Provided entries:

^^^^

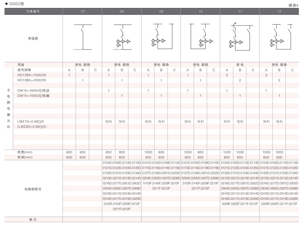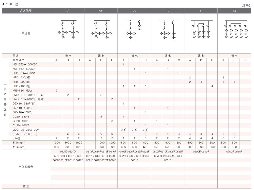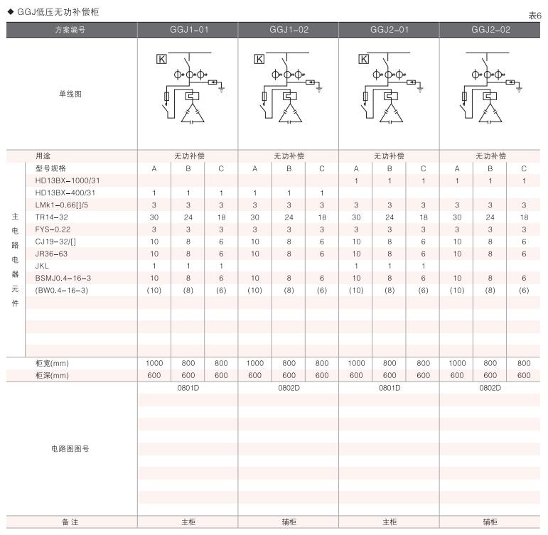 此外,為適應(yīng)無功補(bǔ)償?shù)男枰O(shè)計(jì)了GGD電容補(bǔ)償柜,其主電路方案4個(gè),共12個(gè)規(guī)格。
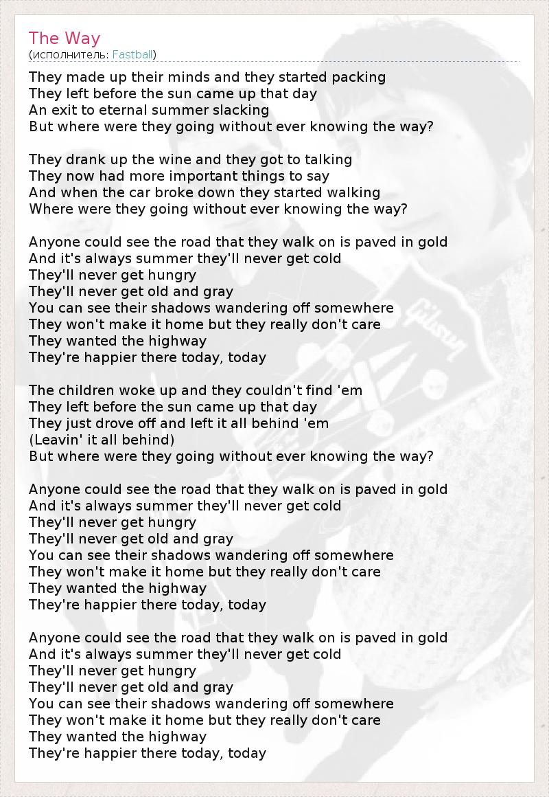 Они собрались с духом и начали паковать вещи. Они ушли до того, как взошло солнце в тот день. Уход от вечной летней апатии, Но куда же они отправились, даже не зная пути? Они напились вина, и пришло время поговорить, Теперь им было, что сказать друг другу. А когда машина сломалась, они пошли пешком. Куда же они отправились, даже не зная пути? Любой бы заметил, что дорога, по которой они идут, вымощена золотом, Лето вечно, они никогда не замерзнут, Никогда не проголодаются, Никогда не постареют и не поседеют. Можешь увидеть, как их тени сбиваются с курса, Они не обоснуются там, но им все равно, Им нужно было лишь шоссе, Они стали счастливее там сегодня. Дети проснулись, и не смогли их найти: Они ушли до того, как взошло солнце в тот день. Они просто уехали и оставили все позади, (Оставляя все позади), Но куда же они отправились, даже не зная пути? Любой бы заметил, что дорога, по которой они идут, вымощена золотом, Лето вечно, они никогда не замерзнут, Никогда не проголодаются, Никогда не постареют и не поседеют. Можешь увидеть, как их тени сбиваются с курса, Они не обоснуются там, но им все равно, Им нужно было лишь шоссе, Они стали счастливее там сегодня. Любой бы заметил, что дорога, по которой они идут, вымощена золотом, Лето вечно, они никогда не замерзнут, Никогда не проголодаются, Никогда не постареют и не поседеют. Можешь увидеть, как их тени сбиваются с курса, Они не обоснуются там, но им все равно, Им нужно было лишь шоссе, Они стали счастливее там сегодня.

^^^^

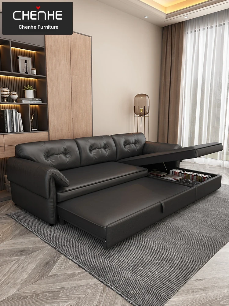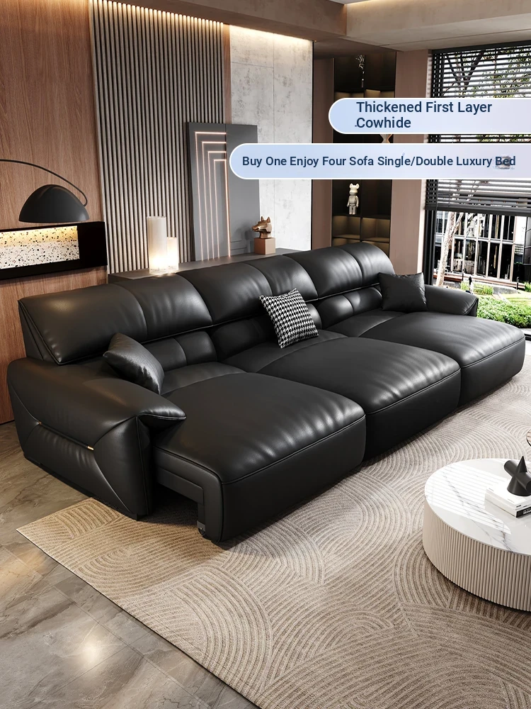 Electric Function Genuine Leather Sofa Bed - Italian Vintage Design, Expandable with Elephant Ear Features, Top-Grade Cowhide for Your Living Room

^^^^

What you should do:
When you reach the line containing "此外,為適應(yīng)無功" in the entries above, begin restating word for word, and stop once the line containing "Они собрались с" has been given. Omit the pictures.

Reply:
 此外,為適應(yīng)無功補(bǔ)償?shù)男枰O(shè)計(jì)了GGD電容補(bǔ)償柜,其主電路方案4個(gè),共12個(gè)規(guī)格。
 Они собрались с духом и начали паковать вещи. Они ушли до того, как взошло солнце в тот день. Уход от вечной летней апатии, Но куда же они отправились, даже не зная пути? Они напились вина, и пришло время поговорить, Теперь им было, что сказать друг другу. А когда машина сломалась, они пошли пешком. Куда же они отправились, даже не зная пути? Любой бы заметил, что дорога, по которой они идут, вымощена золотом, Лето вечно, они никогда не замерзнут, Никогда не проголодаются, Никогда не постареют и не поседеют. Можешь увидеть, как их тени сбиваются с курса, Они не обоснуются там, но им все равно, Им нужно было лишь шоссе, Они стали счастливее там сегодня. Дети проснулись, и не смогли их найти: Они ушли до того, как взошло солнце в тот день. Они просто уехали и оставили все позади, (Оставляя все позади), Но куда же они отправились, даже не зная пути? Любой бы заметил, что дорога, по которой они идут, вымощена золотом, Лето вечно, они никогда не замерзнут, Никогда не проголодаются, Никогда не постареют и не поседеют. Можешь увидеть, как их тени сбиваются с курса, Они не обоснуются там, но им все равно, Им нужно было лишь шоссе, Они стали счастливее там сегодня. Любой бы заметил, что дорога, по которой они идут, вымощена золотом, Лето вечно, они никогда не замерзнут, Никогда не проголодаются, Никогда не постареют и не поседеют. Можешь увидеть, как их тени сбиваются с курса, Они не обоснуются там, но им все равно, Им нужно было лишь шоссе, Они стали счастливее там сегодня.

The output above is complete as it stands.